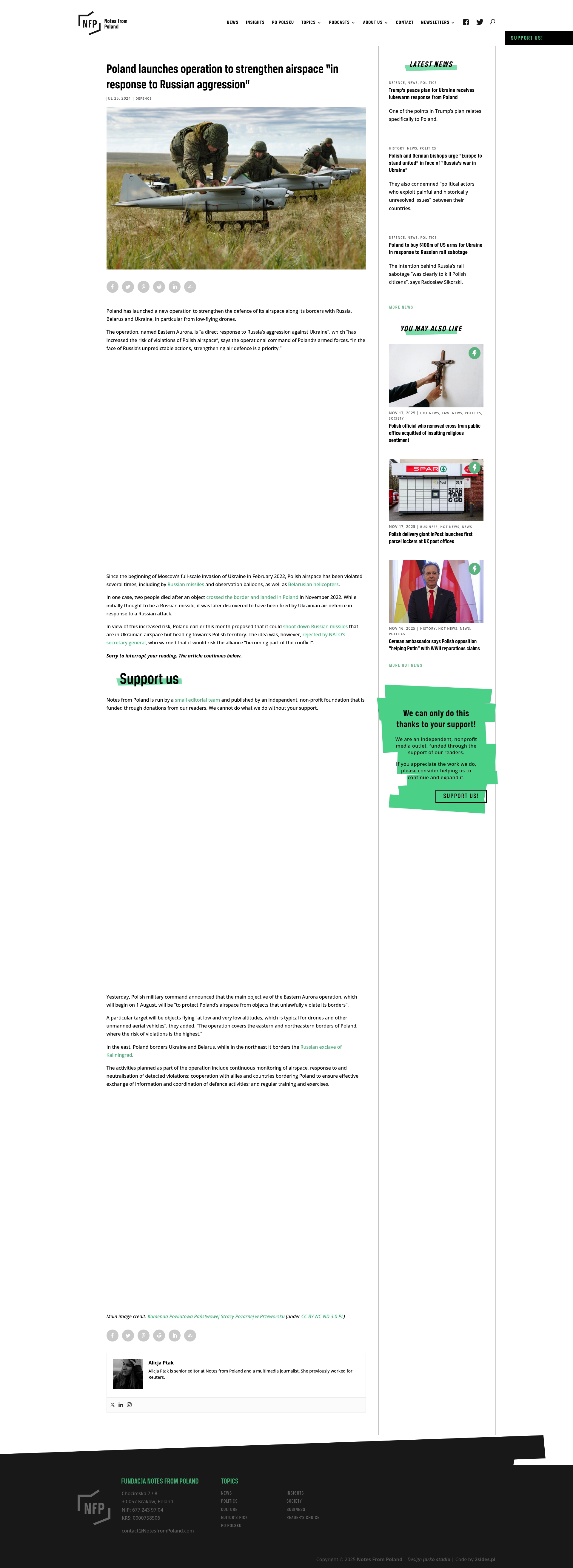 - "Poland has launched a new operation to strengthen the defence of its airspace along its borders with Russia, Belarus and Ukraine, in particular from low-flying drones."
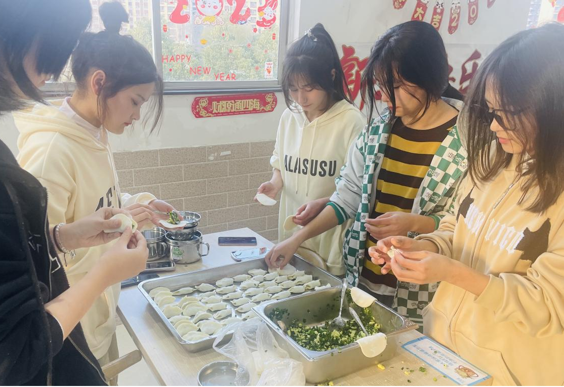小小的饺子,承载着浓浓的祝福,让美好的团结情、归属感、幸福心在热腾腾的饺子中不断传递。“这是我第一次在春节没能回家和父母团聚,但学校准备的一切让我感受到家一般的温暖。”22级新生迪丽努尔说到。
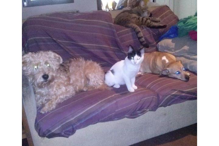 En casa tenemos recogidos 7 animales de la calle entre perros y gatos eso supone unos gastos bastantes elevados entre comida gastos veterinarios y demas,si no tenemos ayuda de otro tipo sera muy dificil seguir dandoles una calidad de vida optima como ellos merecen por eso he decidido hacer este teaming por que ahora ademas tenemos una perra con un problema de cadera que quizas haya que operar con lo que eso va a suponer de gastos añadidos a todos los demas
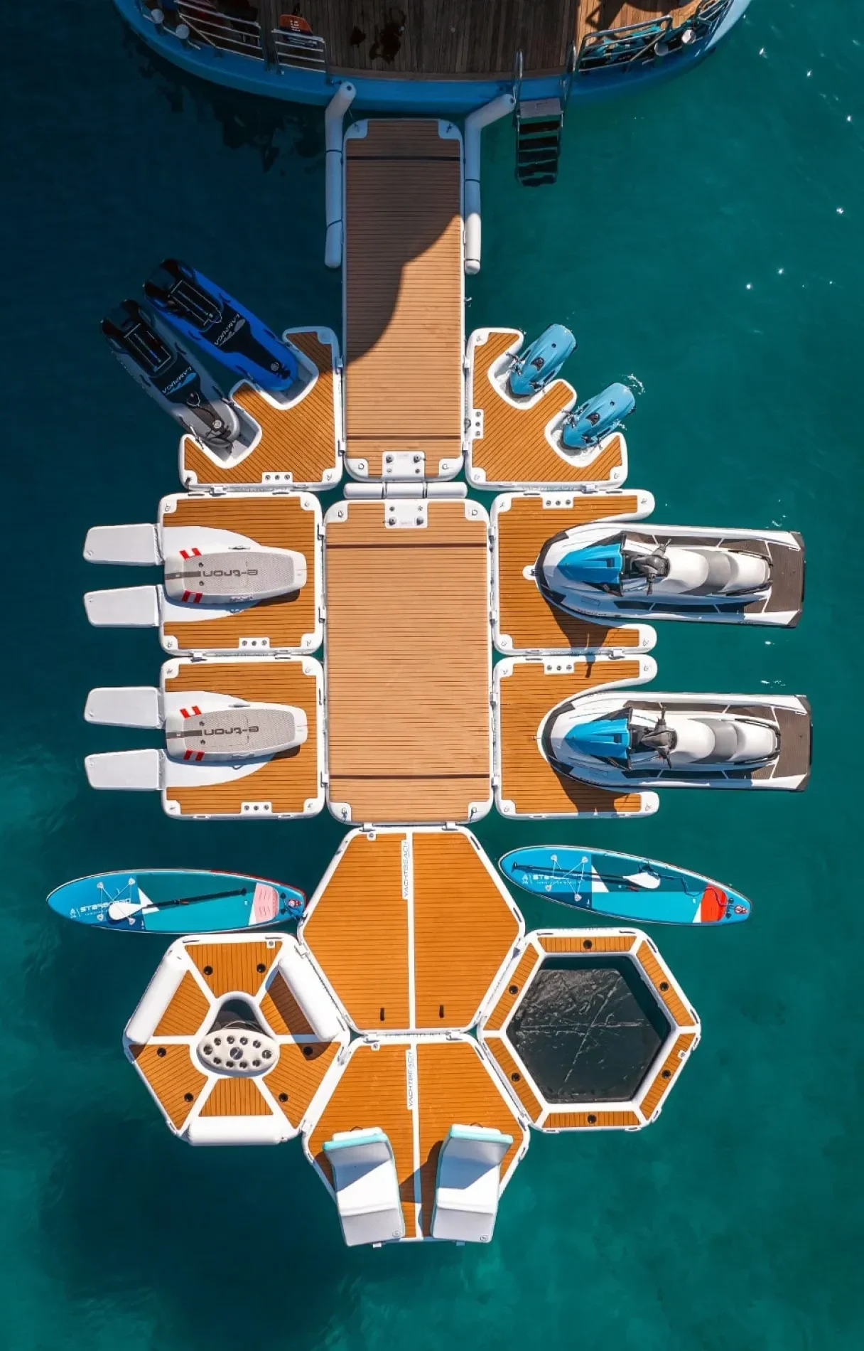 2 motos de agua, 2 SeaBobs, esquí acuático, wakeboard, paseo en donut, paseo en Ringo, 4 tablas de paddle surf, 2 tablas de paddle surf eléctricas, 2 E-Foils, kayak, tobogán acuático, plataformas de baño inflables
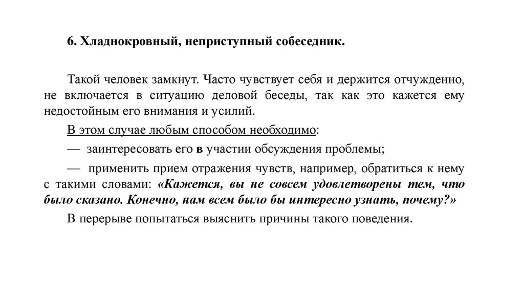 6. Хладнокровный, неприступный собеседник.Такой человек замкнут. Часто чувствует себя и держится отчужденно,
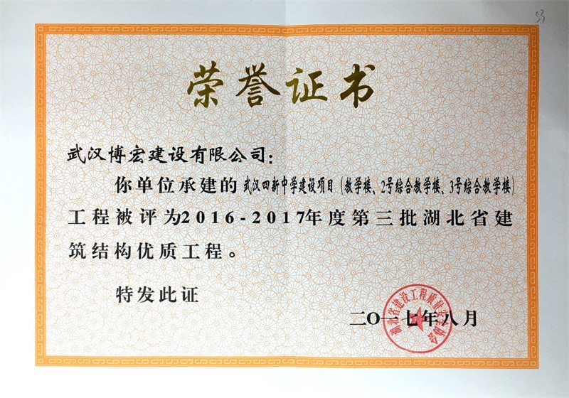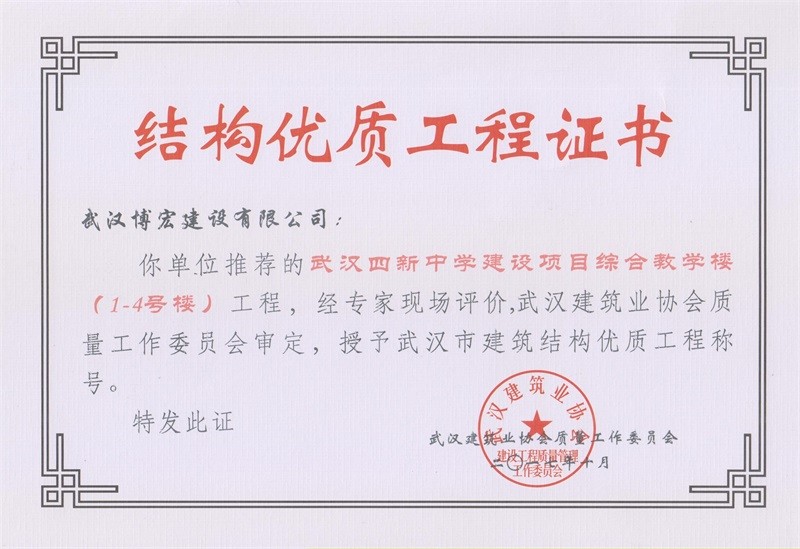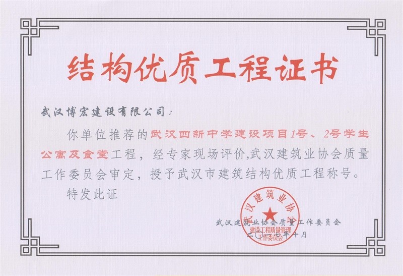 结构优质工程证书(武汉四新中学综合1号、2号学生公寓及食堂楼)
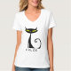Esta design de camiseta V-neck das mulheres personalizada apresenta um meio século preto "atômico" moderno retrô com grandes olhos amarelos e uma cauda encaracolada. Você pode mudar facilmente a ortografia do texto; estilo, cor e tamanho da fonte com o botão Personalizar Zazzle.

- **Problem to solve**
Return the data above unchanged. Pictures are not part of the copy.

- **Written response**
 - "Poland has launched a new operation to strengthen the defence of its airspace along its borders with Russia, Belarus and Ukraine, in particular from low-flying drones."
小小的饺子,承载着浓浓的祝福,让美好的团结情、归属感、幸福心在热腾腾的饺子中不断传递。“这是我第一次在春节没能回家和父母团聚,但学校准备的一切让我感受到家一般的温暖。”22级新生迪丽努尔说到。
 En casa tenemos recogidos 7 animales de la calle entre perros y gatos eso supone unos gastos bastantes elevados entre comida gastos veterinarios y demas,si no tenemos ayuda de otro tipo sera muy dificil seguir dandoles una calidad de vida optima como ellos merecen por eso he decidido hacer este teaming por que ahora ademas tenemos una perra con un problema de cadera que quizas haya que operar con lo que eso va a suponer de gastos añadidos a todos los demas
 2 motos de agua, 2 SeaBobs, esquí acuático, wakeboard, paseo en donut, paseo en Ringo, 4 tablas de paddle surf, 2 tablas de paddle surf eléctricas, 2 E-Foils, kayak, tobogán acuático, plataformas de baño inflables
 6. Хладнокровный, неприступный собеседник.Такой человек замкнут. Часто чувствует себя и держится отчужденно,
 结构优质工程证书(武汉四新中学综合1号、2号学生公寓及食堂楼)
Esta design de camiseta V-neck das mulheres personalizada apresenta um meio século preto "atômico" moderno retrô com grandes olhos amarelos e uma cauda encaracolada. Você pode mudar facilmente a ortografia do texto; estilo, cor e tamanho da fonte com o botão Personalizar Zazzle.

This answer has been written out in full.